Pastorale, a selection of wood-engravings by Lucien Pissarro (son of Camille), was printed on three of Joseph Batchelor’s hand-made papers made to William Morris’ specification, from the original blocks lent to us by the Ashmolean Museum in Oxford. Charles Ricketts had advised his friend Pissarro to use this paper in the first place, but Lucien had preferred to use the French Rives, and the result we got from the blocks a hundred years later bears out Ricketts’ recommendation.
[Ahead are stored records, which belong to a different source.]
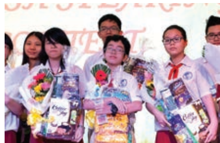
Các thí sinh trong phần trao giải thưởng sau cuộc thi

Ngày 20/02/2016, tại cơ sở Cao Thắng đã diễn ra vòng chung kết hệ thống cuộc thi Hùng biện tiếng Anh 2016 (English Speaking Contest) do Bậc Trung học AHS Trường Quốc tế Á Châu tổ chức.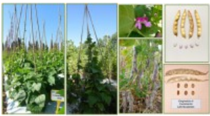
Fagiolo Giogheda di Castelsardo galleria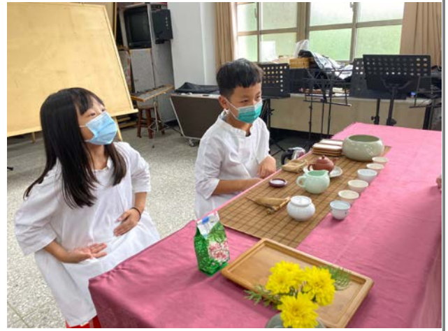
本校會長交接學生擔任接待---泡茶

We were fortunate in having the Flower and Otter papers to hand, which came to us in the collection of hand-mades from Oxford University Press, and the Morgan Library in New York generously allowed us to have some of their precious stock of the third paper, the Crown and Sceptre, made for Pierpont Morgan around 1910 and never used. The full story of the paper is told by John Bidwell in his introduction to Pastorale.
We made an inauspicious start when we were printing the blue block of one of the colour subjects and found after fifty or so copies that we were using the wrong block (the colour blocks appear very similar in the wood). The black block (seen here) on the adjacent page had already been printed, and it seemed little short of criminal not to make use of this irreplaceable paper. So we set a keepsake around the black block, ignoring the blue image on the other side of the sheet.
This reprint is on the Otter paper, the only one of the three Batchelor papers we still have a stock of. The three papers have virtually identical surfaces and weights, only the sizes differ slightly, hence the formats of the three editions of Pastorale differ very slightly.
11 x 15 ins, 96-, 24- and 14-point Caslon, Batchelor’s Crown and Sceptre paper, wood-engraving by Lucien Pissarro, 50 copies.